Encontré una excusa para contar mi primera incursión en el cine. Se estrena una película de los redonditos. El alucinante viaje de Patricio Rey y sus redonditos de ricota Tiene imágenes viejas, no las que le robaron a Rocambole, son las que cedió Beilinson. La notadice, la copio con estilos y todo:

–¿Y Guillermo?
–En un momento, todo indicaba que había que hablar con él, por todo lo que significó y motorizó al grupo, porque generaba situaciones y hacía que las cosas sucedieran. Habíamos intentado dar con él y no habíamos podido ubicarlo, pero de pronto un día estábamos desgrabando unos reportajes a Rocambole y Fenton, y ¡justo los dos entrevistados lo mencionaron al mismo instante!
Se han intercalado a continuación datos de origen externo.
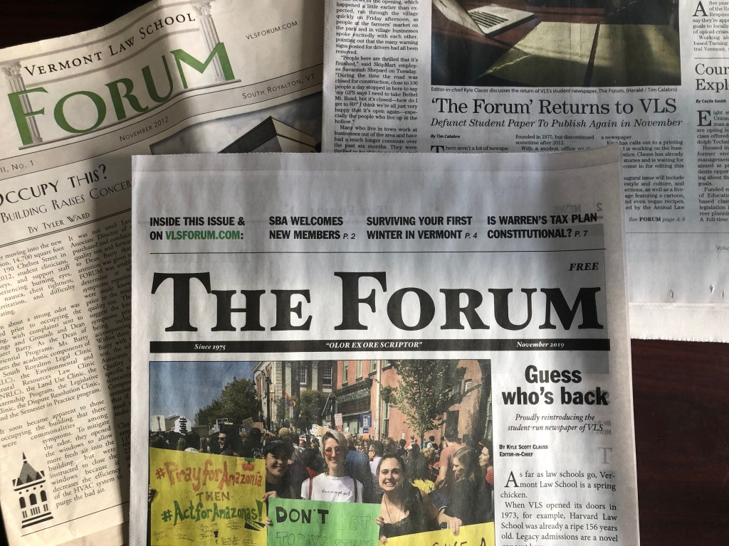 The Forum will also serve as a platform for thought-provoking student and faculty work. VLS students hail from a diverse array of backgrounds; in any given room, you could find a community organizer, an ornithologist, a painter, and a public school teacher. Their perspectives make us all richer.

Nos miramos y decidimos llamarlo ahí mismo. Le dijimos que estábamos haciendo un documental y sabíamos de la existencia de sus filmaciones, y que nos gustaría entrevistarlo. En ese momento nos dijo que no quería dar entrevistas, pero que las películas las tenía y que al volver de un viaje nos mostraría el material. Esperamos un mes y medio, fuimos a verlo a su casa y nos dio unos VHS viejos.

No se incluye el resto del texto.